Issue 2 would “require the state to create the Livestock Care Standards Board to prescribe standards for animal care and well-being that endeavor to maintain food safety, encourage locally grown and raised food, and protect Ohio farms and families.”
I don’t comment much on politics, since the Neighborhood Notes are meant for all readers, whether they agree with me or not. But a friend asked me recently what I felt about Issue 2 (the proposal to establish a state board to set livestock-rearing standards) and I had to reply that I knew pretty much nothing about it; neither side has been very talkative. Then I read my favorite column in the Jefferson Gazette
(by a retired farmer who gets very crotchety with people who worry about growth hormones in their milk) which restated his frequent assurance that Ohio farmers are dedicated to producing the best and purest food, and went on to declare that the Humane Society of the United States has a concealed agenda of ending animal agriculture and closing down zoos. Which struck me as a bit extreme – and when someone becomes extreme, he becomes less trustworthy..Then I got an email listing the organizations that oppose Issue 2: Ohio Farmers Union, the Ohio Environmental Stewardship Alliance, League of Women Voters of Ohio, the Ohio League of Humane Voters, and the Ohio Sierra Club, as well as the editorial boards of the Columbus Dispatch, Cleveland Plain Dealer, Akron Beacon Journal, and Dayton Daily News.To be fair to the other side, the board is to comprise 13 Ohio residents, including representatives of Ohio family farms, farming organizations, food safety experts, veterinarians, consumers, the dean of the agriculture department at an Ohio college or university and a county humane society representative. (Bear in mind that family farms may be of several thousand acres; bear in mind also that not all big farmers keep their chickens in cages “the size of a piece of paper.”)
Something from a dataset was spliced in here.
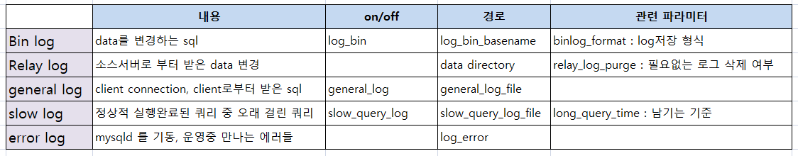 반면 binary log 는 실행시간에 따라 기록이 된다.

A retired food animal veterinarian, now farming beef and grain in Tuscarawas County, describes the board’s mission as ”setting standards that will assure Ohio consumers that food grown in Ohio is safe, nutritious, abundant, affordable and raised with excellent livestock care standards.” And it’s supported, according to a presumably accurate Web site, by Governor Ted Strickland, Senate President Bill Harris (R-Ashland), House Speaker Armond Budish (D-Beachwood), and elected officials and organizations across Ohio.
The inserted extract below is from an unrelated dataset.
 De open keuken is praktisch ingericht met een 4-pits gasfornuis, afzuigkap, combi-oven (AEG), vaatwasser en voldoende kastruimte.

On the other hand, it’s opposed by the groups I mentioned earlier, of whom the League of Women Voters would seem the least likely to be biased; Googling the Ohio Farmers’ Union, I learned that they oppose making livestock care a ballot issue on the grounds that it’s expensive and divisive; they’d prefer both sides to come to the table and negotiate. Sounds good to me. So I’m going to vote against Issue 2, because it requires an amendment to the state constitution, which seems a bit of a hammer-to-kill-a-fly; I’m unhappy about the extra antibiotics needed by animals raised in the crowded barns that are needed to maintain the low cost of the American food supply; and I do spare a thought for poor little veal calves. And I don’t see either cattle farms or zoos being closed down any time soon.
You can find lots on both sides by Googling “Ohio Issue 2.” The Secretary of State’s Ballot Board site is particularly useful -- www.sos.state.oh.us.